Exercise brief: Range to repeat from the listing below: the line containing "Cumhurbaşkanlığı İletişim Başkanlığı" down to the line containing "These single flare", both included. Copy it exactly, pictures excluded, and add nothing else.

Data for processing:
-*-*-

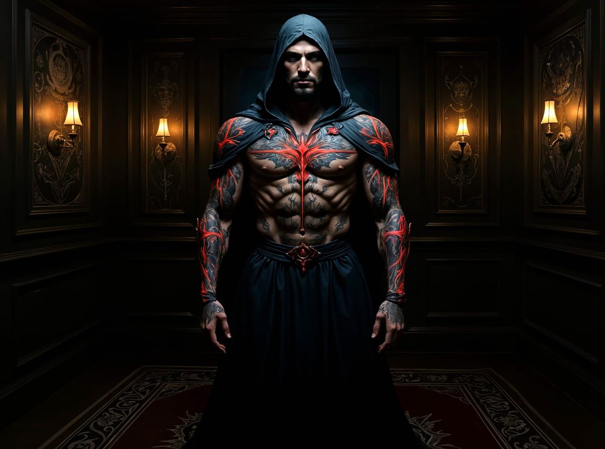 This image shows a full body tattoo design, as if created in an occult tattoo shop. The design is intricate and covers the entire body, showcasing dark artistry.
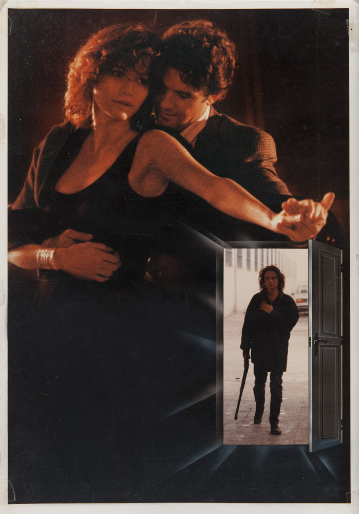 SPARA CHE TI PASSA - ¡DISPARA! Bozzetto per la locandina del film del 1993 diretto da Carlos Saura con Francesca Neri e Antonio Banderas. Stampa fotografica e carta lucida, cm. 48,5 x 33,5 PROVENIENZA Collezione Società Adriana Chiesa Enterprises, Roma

-*-*-

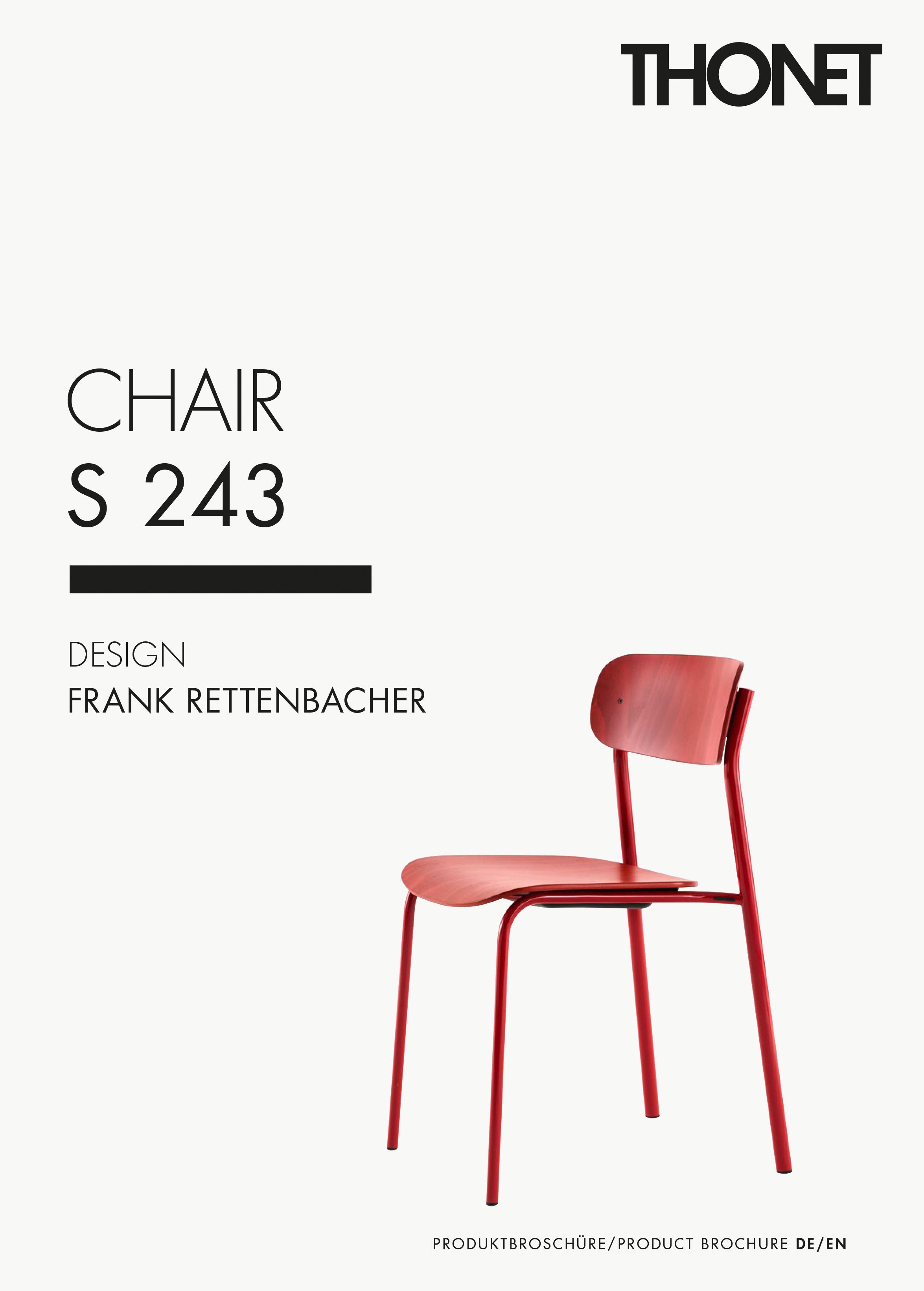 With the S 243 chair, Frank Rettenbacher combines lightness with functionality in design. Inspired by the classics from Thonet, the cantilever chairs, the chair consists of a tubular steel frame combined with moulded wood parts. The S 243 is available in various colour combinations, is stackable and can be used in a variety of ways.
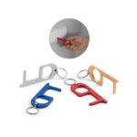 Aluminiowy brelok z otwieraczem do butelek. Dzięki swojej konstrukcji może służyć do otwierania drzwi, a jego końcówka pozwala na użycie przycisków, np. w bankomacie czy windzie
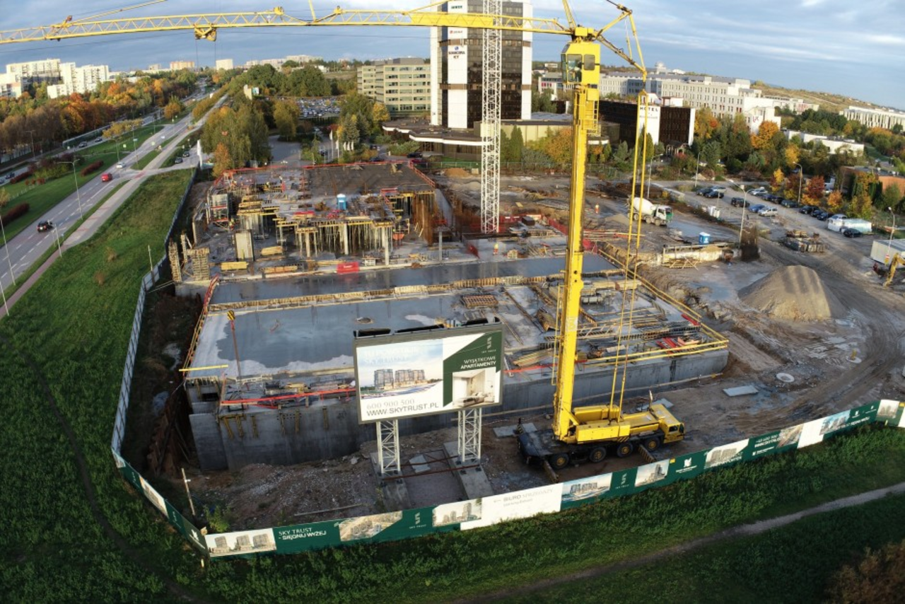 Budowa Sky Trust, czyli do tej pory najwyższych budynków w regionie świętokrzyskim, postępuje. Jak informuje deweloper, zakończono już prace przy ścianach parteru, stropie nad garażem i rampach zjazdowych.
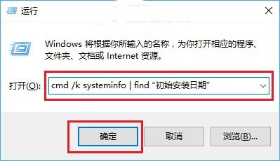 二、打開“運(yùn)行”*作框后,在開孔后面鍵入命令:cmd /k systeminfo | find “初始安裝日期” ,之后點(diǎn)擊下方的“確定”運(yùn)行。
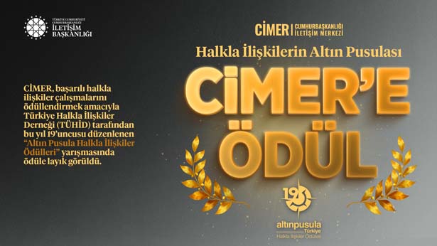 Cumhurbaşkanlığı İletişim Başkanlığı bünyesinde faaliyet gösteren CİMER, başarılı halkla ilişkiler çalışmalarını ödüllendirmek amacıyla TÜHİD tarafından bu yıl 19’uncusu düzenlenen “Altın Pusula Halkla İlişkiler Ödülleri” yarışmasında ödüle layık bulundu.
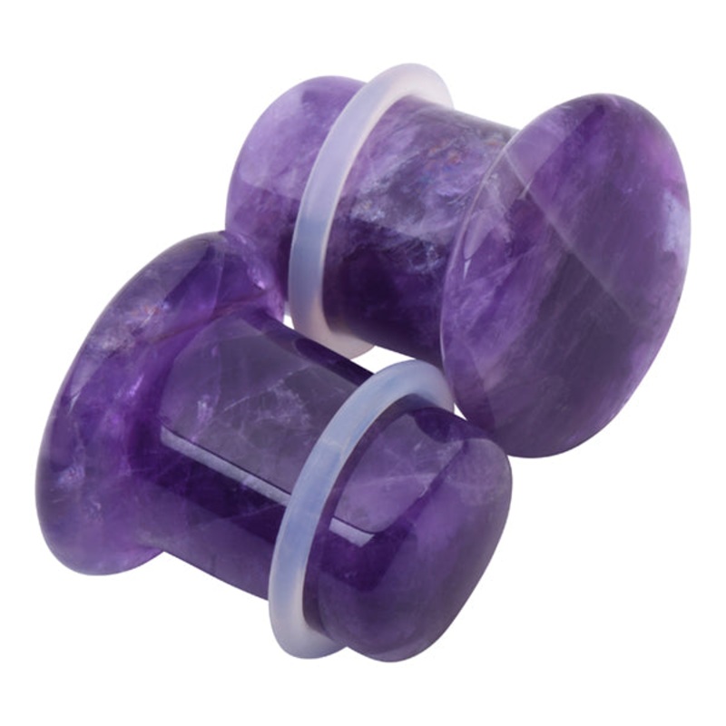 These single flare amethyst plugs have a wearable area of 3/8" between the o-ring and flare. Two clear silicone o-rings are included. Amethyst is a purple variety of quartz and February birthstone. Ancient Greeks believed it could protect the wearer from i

-*-*-

Answer for the task:
 Cumhurbaşkanlığı İletişim Başkanlığı bünyesinde faaliyet gösteren CİMER, başarılı halkla ilişkiler çalışmalarını ödüllendirmek amacıyla TÜHİD tarafından bu yıl 19’uncusu düzenlenen “Altın Pusula Halkla İlişkiler Ödülleri” yarışmasında ödüle layık bulundu.
 These single flare amethyst plugs have a wearable area of 3/8" between the o-ring and flare. Two clear silicone o-rings are included. Amethyst is a purple variety of quartz and February birthstone. Ancient Greeks believed it could protect the wearer from i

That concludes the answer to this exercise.